Ma queste ragazze e questi ragazzi d’ateneo quali colpe hanno? E’ possibile attribuire a loro soltanto la responsabilità di una destrutturazione della memoria che deve, per forza, essere fatta risalire ad un connubio tra conoscenze di derivazione scolastica e conoscenze di derivazione extra-scolastica?
Indubbiamente il bagaglio di cultura che ciascuno di noi si porta dietro è di propria responsabilità: croce e delizia di un lavoro costante di informazione che se viene assimilata con spontaneità è un prezioso angolo di sapere; se, invece, viene allocata nelle menti con forzature e coercizioni o, peggio ancora, viene enunciata con brevi cenni, facendo intendere senza far capire, allora è un intero sistema scolastico e sociale che deve essere messo sotto accusa per l’incapacità di perpetuare la memoria di una storia recente senza la quale è praticamente impossibile avere le chiavi per aprirsi la strada alla comprensione di ciò che avviene oggi.
Certo che ci deve sempre stupire e far sobbalzare sulla sedia una serie di risposte abbozzate o di sguardi allampati davanti al chiarore delle telecamere.

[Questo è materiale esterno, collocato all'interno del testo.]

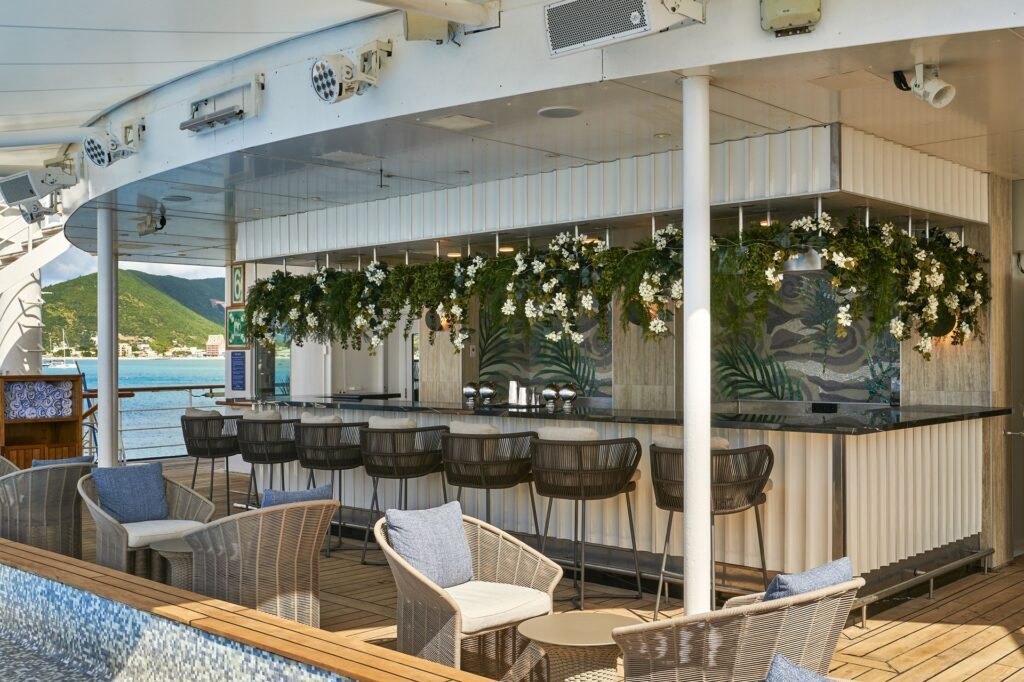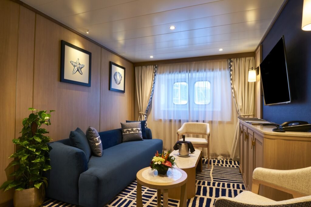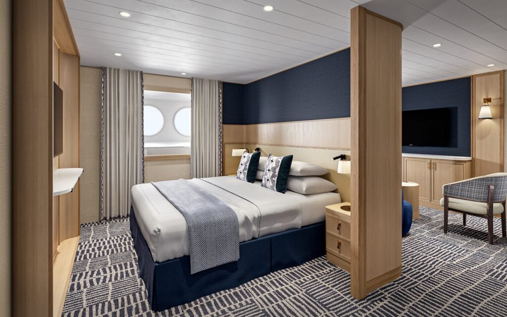 Die neue Owner’s Suite #501 der Wind Surf, die bei der letzten Renovierung als Officer’s Suite eingeführt wurde, wurde neu gestaltet. Der Raum wurde erweitert und umfasst einen separaten Wohn- und Schlafbereich. Das komplett neue Badezimmer verfügt über eine geflieste Badewanne, eine neue Dusche und einen Doppelwaschtisch. Was sich nicht ändern wird? Die Gäste haben nach wie vor ihren einzigartigen Zugang zur Suite durch eine private Tür auf einem Außendeck – und die Suite liegt direkt neben der Brücke.

Ma tutto ciò ci parla di un sempre maggiore aspetto seduttivo da parte del sistema capitalistico che allontana i cittadini dalla voglia di sapere, dall’amore per il conoscere e li relega nel ruolo di consumatori e fruitori della mera quotidianità.
Il passato è passato e il futuro è inconoscibile. Ciò che conta è, dunque, soltanto il presente. In un ambito psicoanalitico è accettabile questa tripartizione degli istanti di vita, persino terapeutica; ma quando si tratta di diventare consapevolmente attori di un determinato contesto dell’attualità, essere all’oscuro dei passaggi storici è tremendamente pericoloso. Espone al rischio di quella “ripetizione degli errori” che gli antichi attribuivano proprio alla mancata conoscenza del passato del loro Paese.
Così, lo studio viene finalizzato, invece che alla voglia di sapere, alla ricerca di una occupazione in questa desolazione fatta di disperazione per l’impossibilità di scorgere un benché minimo lembo di futuro sostenibile con un’occupazione precaria, sognando quel posto fisso che, richiamato da noi comunisti in tempi recentemente passati, oggi torna ad essere una rivendicazione possibile.
Cominciare ad essere consci che si può cambiare partendo dal sovvertimento delle parole d’ordine del mercato è già un punto di appoggio per sviluppare una bellissima abitudine: dubitare per sapere, sapere per prevalere su chi già sa e, come Gramsci giustamente sosteneva, vince proprio perché ha questa abilità. Non è una esclusiva dei ricchi anche se i ricchi fanno di tutto per far sì che sia così. Il ruolo di classe del sistema scolastico può essere capovolto.
Ci si può istruire e si può apprendere anche se si hanno pochi mezzi. Forse, uno dei compiti dell’intero movimento comunista in diaspora oggi è anche questo: sostenere chi ha voglia di sapere, alimentare la curiosità ed essere politicamente impegnati in una azione pedagogica che non può essere scissa dall’azione complessiva per il cambiamento sociale.